Among 14- to 18-year-olds, adjusted mean BMD values for duration of use and dose for current OC users vs. nonusers did not differ significantly at any anatomic site (Table 2). This was also true for adjusted mean BMC (data not shown). However, in the 19- to 30-year-old group, adjusted mean BMDs at the spine and whole-body were significantly lower with increasing OC duration (p-value for linear trend=0.02 and 0.004, respectively). Mean BMD was 5.9% and 2.3% lower at these sites, respectively, for women with >24 months of OC use, relative to nonusers. Trends were similar for the hip (p-value, trend=0.09). Our evaluation of BMC yielded similar results, but trends for duration in young adult women were non-significant (p-value, trend=0.45, 0.16, 0.13 for hip, spine and whole-body respectively). Mean BMD at all anatomic sites was lower, relative to nonusers, for women using 30–35 mcg EE OCs and lowest for women using <30 mcg EE OCs, but adjusted results were not significant (p≥0.10, all sites). Mean BMC also showed no significant differences by OC EE dose. Results did not differ when we restricted the nonuser group to women who had never used OCs.

Table 2
Adjusted mean BMD by age group, duration, and dose of current OC use

Among adolescents, we saw no trend across the dose-duration categories for any anatomic site (data not shown), but few women had used OCs for >12 months. Among young adult women, mean BMD trended lower with lower dose and longer duration (Figure 1). Trends were significant at all anatomic sites (p-value, trend = 0.02, 0.003, and 0.002 for hip, spine and whole-body, respectively) (Figure 1). Mean spine BMD in the women with >12 months of low-dose OC use was 5.2% lower than in non-OC comparison women. Our evaluation of mean BMC showed similar, although less significant, trends (p-value, trend=0.14, 0.04, and 0.02 for hip, spine, and whole-body BMC, respectively).

Figure 1
Mean bone density for 19–30 year-old participants, by current OC dose and duration category.a

4. Discussion

This cross-sectional analysis of a population-based sample of 606 adolescent and young adult women associated current longer-term use of OCs containing ≤35 mcg EE with lower BMD in young adult women but not adolescents. The longer-use/lower-dose group had the strongest associations. We also noted stronger associations for the spine than for the hip, consistent with peak bone mass attainment occurring later at the spine [6, 24, 25]. In the 301 adolescents 14 to 18 years old—the group most actively gaining bone—neither current OC duration nor dose was associated with lower BMD.

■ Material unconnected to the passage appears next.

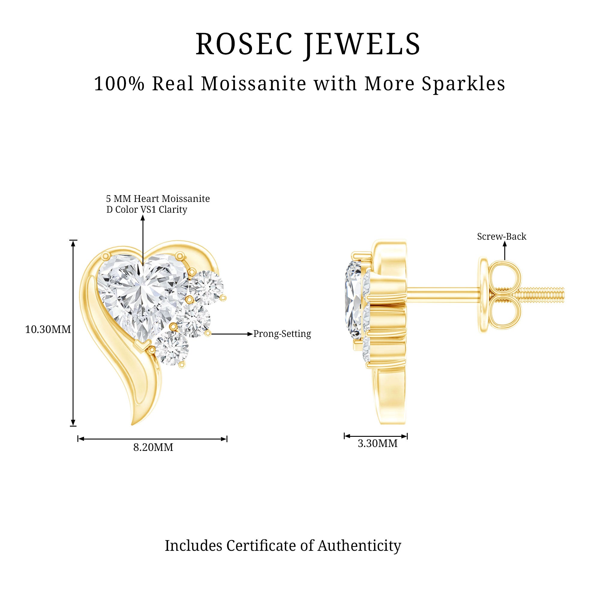 Fall in love with everyday sparkle through these charming Moissanite Stud Earrings that blend simplicity with just the right amount of shine. Designed for easy styling, these studs feature a sweet mix of heart and round shaped moissanite stones that catch the light beautifully and add a subtle glow to your look. The thoughtful pairing of these two classic shapes gives the earrings a playful yet balanced feel, making them easy to dress up. Crafted in high-quality gleaming metal, these Heart Stud Earrings are made to last while keeping comfort in mind. The secure screw back closures ensure they stay put all day, whether you are heading to work, meeting friends, or enjoying a special evening out. No fuss, no constant adjusting -just effortless wear. Moissanite stones are known for their impressive sparkle and durability, making these Unique Stud Earrings a smart choice for daily use. Their versatile design works perfectly with casual outfits, office wear, or dressier looks, so you will find yourself reaching for them again and again. Lightweight and easy to wear, these earrings add a little shine without trying too hard.

Despite the highly prevalent and long-term use of OCs in the U.S. and worldwide, the available evidence of their effects on bone health in adolescent and young adult women—the groups with highest use—continues to be inconclusive [2]. To date, study methodology and populations have varied, complicating interpretation of results. Generally, the relatively few studies focused on younger adolescents have been prospective [9, 11, 16, 17]. Two with relatively short follow-up (12–24 months) reported no significant between-group differences, as in our study. In our study, only 8 of our adolescent participants reported >24 months’ use. However, two studies with longer-term follow-up of 4 and 5 years noted significantly smaller increases in spine and femoral neck BMC [16] and distal radius BMD [17] in adolescent OC users vs. nonusers.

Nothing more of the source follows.